Re: Sync Rep Design

From: Robert Haas <robertmhaas(at)gmail(dot)com>
To: Simon Riggs <simon(at)2ndquadrant(dot)com>
Cc: Heikki Linnakangas <heikki(dot)linnakangas(at)enterprisedb(dot)com>, Hannu Krosing <hannu(at)2ndquadrant(dot)com>, greg(at)2ndquadrant(dot)com, Josh Berkus <josh(at)postgresql(dot)org>, Stefan Kaltenbrunner <stefan(at)kaltenbrunner(dot)cc>, pgsql-hackers(at)postgresql(dot)org
Subject: Re: Sync Rep Design
Date: 2011-01-04 19:04:37
Message-ID: AANLkTinUVPKCTUSZAiqAv5YsLmANXC_v=RHLo=KqeG_8@mail.gmail.com
Views: Raw Message | Whole Thread | Download mbox | Resend email
Thread:
Lists: pgsql-hackers

On Sun, Jan 2, 2011 at 4:19 PM, Simon Riggs <simon(at)2ndquadrant(dot)com> wrote:
> On Sun, 2011-01-02 at 18:54 +0200, Heikki Linnakangas wrote:
>
>> I believe we all agree that there's different use cases that require
>> different setups. Both "first-past-the-post" and "wait-for-all-to-ack"
>> have their uses.
>
> Robert's analysis is that "first-past-the-post" doesn't actually improve
> the durability guarantee (according to his calcs). Which means that
>  1 primary, 2 sync standbys with first-past-the-post
> is actually worse than
>  1 primary, 1 sync and 1 async standby
> in terms of its durability guarantees.
>
> So ISTM that Robert does not agree that both have their uses.
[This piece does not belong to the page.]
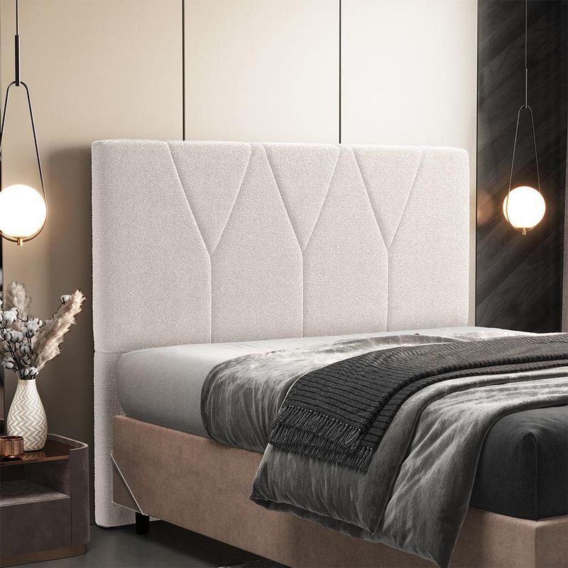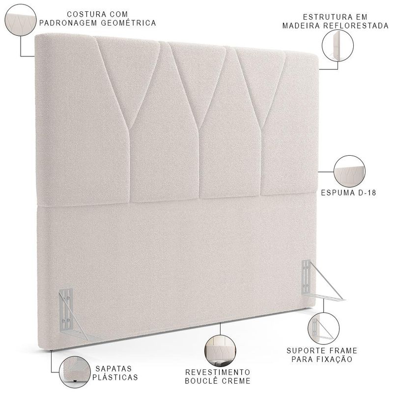 Poder desfrutar de momentos de paz e tranquilidade em nosso lar é imprescindível para mantermos um equilíbrio mental e físico e conseguirmos de fato descansar e nos desconectar um pouco da rotina caótica que vivemos hoje. Pensando nisso, a decoração é ponto chave na transformação do ambiente e a Cabeceira Cama Box Casal Queen 160 cm Aurora W01 Bouclê Creme - Lyam Decor vem para proporcionar ainda mais sensações de conforto ao seu quarto. Confeccionada com materiais de qualidade excepcional, é estofada e possui costura de padronagem geométrica em seu revestimento, que imprime bastante modernidade, além de criar um match incrível com outros móveis como mesa de cabeceira, calçadeira ou recamier. Você merece o melhor, garanta já a sua! Dimensões da Cabeceira (L x A x P) 160 x 120 x 8 cm Altura do chão à base: 55 cm Dimensões do Frame (L x A x P) 5,5 x 13,5 x 16,5 cm Características da Cabeceira: Estrutura em madeira reflorestada. Revestimento em tecido Bouclê na cor Creme. Densidade da Espuma D-18. Acompanha todos os acessórios para fixação. Possui sapatas plásticas. Características do Frame: Produzido em chapa de ferro 1,5 mm. Acabamento em esmalte PU na cor Alumínio. Acessórios para fixação: 04 Parafusos cabeça chata auto atarraxantes 5,0x25mm e 04 arruelas 1/4. - Por se tratar de estofado as medidas podem ter uma pequena variação de até 3 cm. - A tonalidade do produto real poderá ter ligeira variação devido o lote de tecidos. - A limpeza deve ser feita com pano levemente umedecido em água limpa, sem esfregar, não utilizar produtos abrasivos, desengordurantes, álcool ou solvente. Observações importantes: - Produto para uso residencial em ambiente interno, não devendo ficar exposto diretamente ao sol, calor e umidade excessivos. - Pode haver alguma diferença de tonalidade entre a imagem e o produto real, por conta do tratamento de imagens e a calibração de cores do seu monitor. - As imagens são meramente ilustrativas, não acompanham objetos de decoração e eletrônicos. - Ao receber a mercadoria, o cliente deve verificar as condições da embalagem, caso haja alguma avaria não assine o comprovante de recebimento. - Montagem, desmontagem e outras instalações serão de responsabilidade do cliente. Não nos responsabilizamos, no ato da entrega, por subir escadas/elevadores ou pelo transporte por guincho em apartamentos. Eventuais despesas são de responsabilidade do comprador. - Confira as dimensões do produto e certifique-se de que passará normalmente por supostos elevadores, portas, escadas e/ou corredores de sua residência.

I think it depends on what failure modes you want to protect against.
If you have a primary in New York, a secondary in Los Angeles, and
another secondary in London, you might decide that the chances of two
standbys being taken out by the same event are negligible, or
alternatively that if one event does take out both of them, it'll be
something like a meteor where you'll have bigger things to worry about
than lost transactions. In that case, requiring one ACK but not two
is pretty sensible. If the primary goes down, you'll look at the two
remaining machines (which, by presumption, will still be up) and
promote whichever one is ahead. In this setup, you get a performance
benefit from waiting for either ACK rather than both ACKs, and you
haven't compromised any of the cases you care about.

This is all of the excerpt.